• Work task:
Using the listing below, print the line containing "あいにくの霧雨でしたが、高校", the line containing "This circuit was", and each line between them, exactly and nothing else. Pictures stay out of the print.

____________

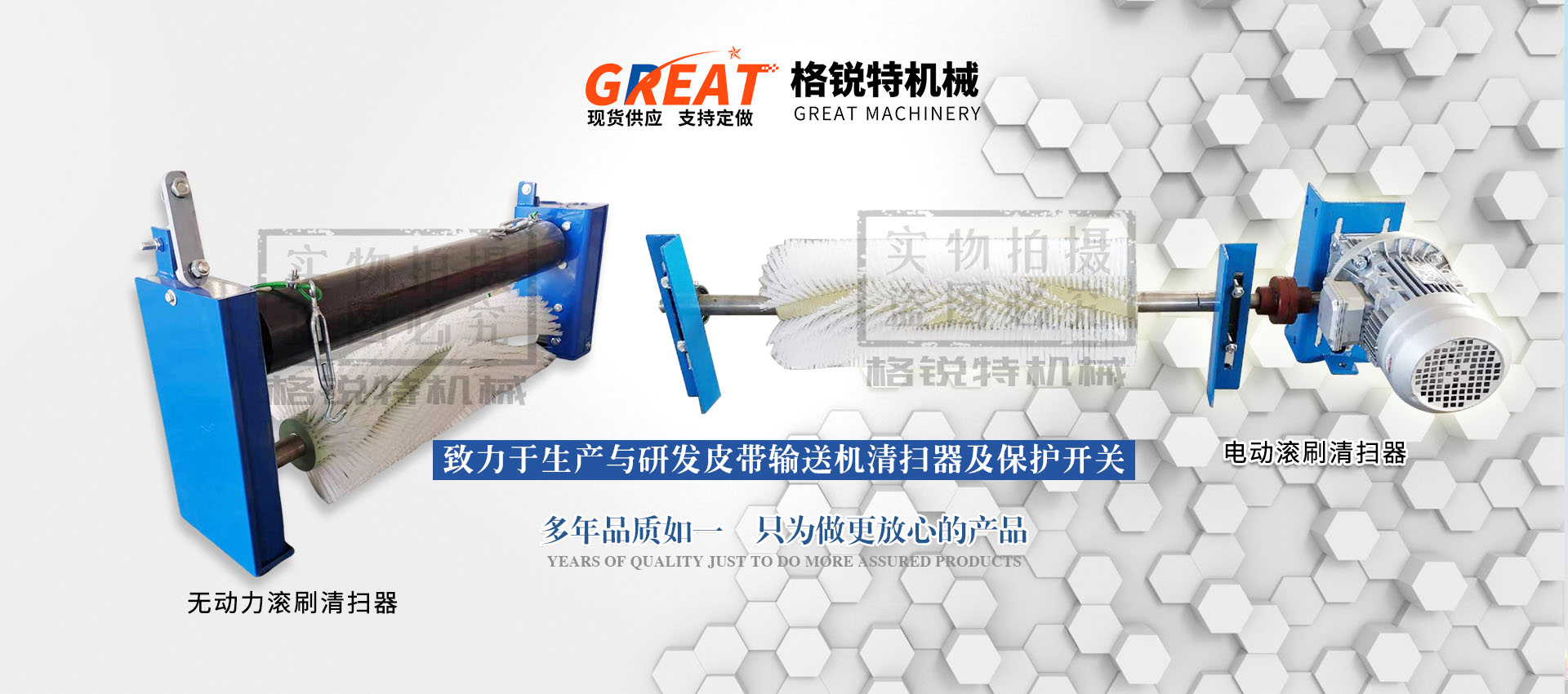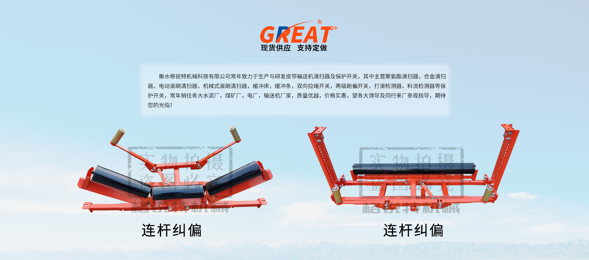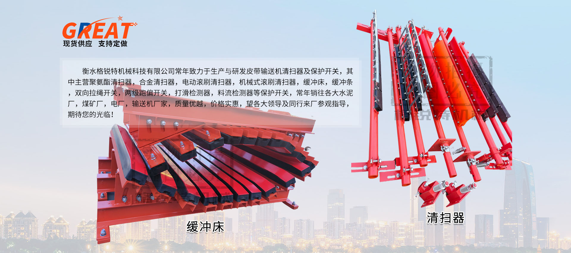 衡水格銳特機(jī)械科技有限公司常年致力于生產(chǎn)與研發(fā)皮帶輸送機(jī)清掃器及保護(hù)開(kāi)關(guān),其中主營(yíng)聚氨酯清掃器,合金清掃器,電動(dòng)滾刷清掃器,機(jī)械式滾刷清掃器,緩沖床,緩沖條,雙向拉繩開(kāi)關(guān),兩級(jí)跑偏開(kāi)關(guān),打滑檢測(cè)器,料流檢測(cè)器等保護(hù)開(kāi)關(guān),常年銷(xiāo)往各大水泥廠(chǎng),煤礦廠(chǎng),電廠(chǎng),輸送機(jī)廠(chǎng)家,質(zhì)量?jī)?yōu)越,價(jià)格實(shí)惠,望各大領(lǐng)導(dǎo)及同行來(lái)廠(chǎng)參觀指導(dǎo),期待您的光臨?。?!
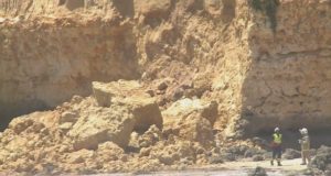 Três escavadoras vão remover escombros da derrocada na praia Maria Luísa
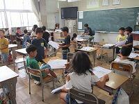 手紙や学習プリント、作品材料等が配られ、各自でピンクの封筒や連絡袋に入れていました。
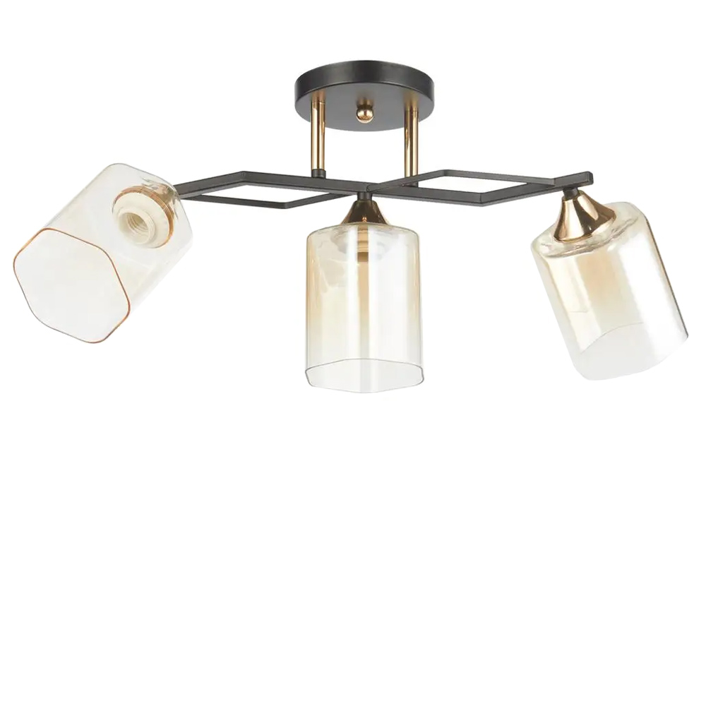 Стильна стельова люстра на три лампи зі скляними плафонами форми шестигранника.
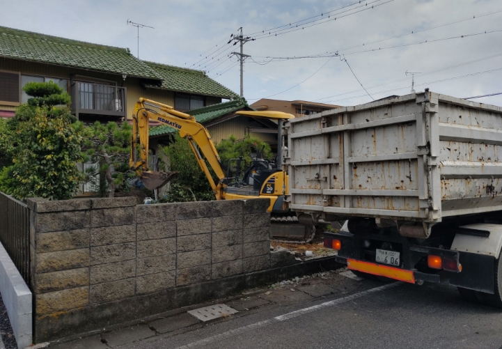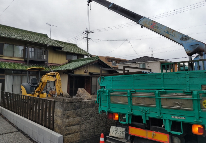 母屋、納屋、庭の解体です。総坪数80坪程の大きなお屋敷です。
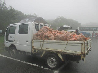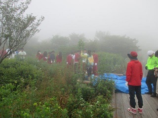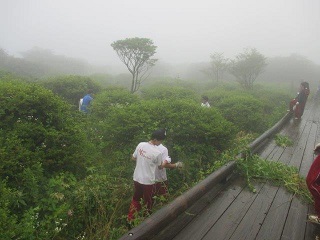 あいにくの霧雨でしたが、高校生たちは楽しそうにオオハンゴンソウを引き抜いていきます。土で汚れながらもたくましい根っこに苦戦する子、トゲトゲのアザミと格闘する子...それでも楽しそうな姿を見て、大人たちも負けていられません!
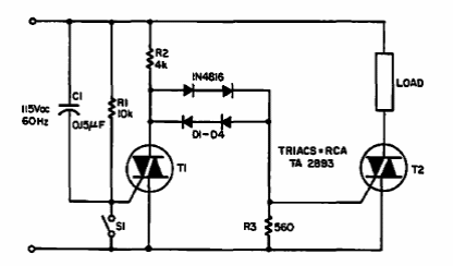 This circuit was found in an Electronic Design from 1967. The circuit uses two triacs being T2 according to the power of the load that must be controlled.
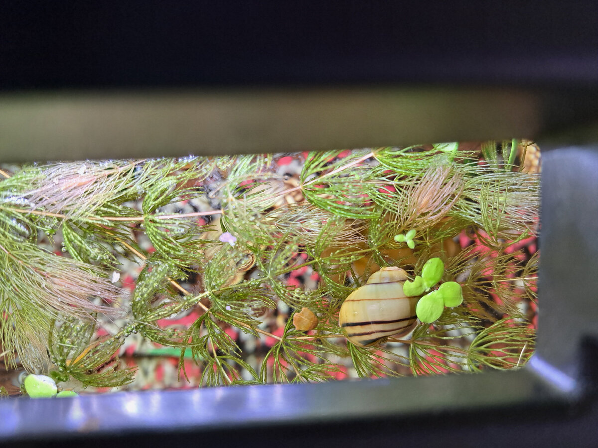 Сегодняшний день был интересен показательными выступлениями акробатического искусства. Улитка Кружок смог перебраться на плавающие на поверхности воды канаты роголистника, и продолжительное время балансировал на них. Затем он, ловко ухватившись, спустился и раскачивался на удивление всех жителей. Чем завершилось данное выступление мы, к сожалению, не знаем, т.к. отвлеклись на важные домашние дела. Надеемся, что приземление Кружка было мягким. Позже виртуозную чистку растений на высоте 30 см показал анциструс Белое Пятнышко. Вот такие таланты проживают в городе Аквариумбург:) Всем пока!

____________

• Finished exercise:
 あいにくの霧雨でしたが、高校生たちは楽しそうにオオハンゴンソウを引き抜いていきます。土で汚れながらもたくましい根っこに苦戦する子、トゲトゲのアザミと格闘する子...それでも楽しそうな姿を見て、大人たちも負けていられません!
 This circuit was found in an Electronic Design from 1967. The circuit uses two triacs being T2 according to the power of the load that must be controlled.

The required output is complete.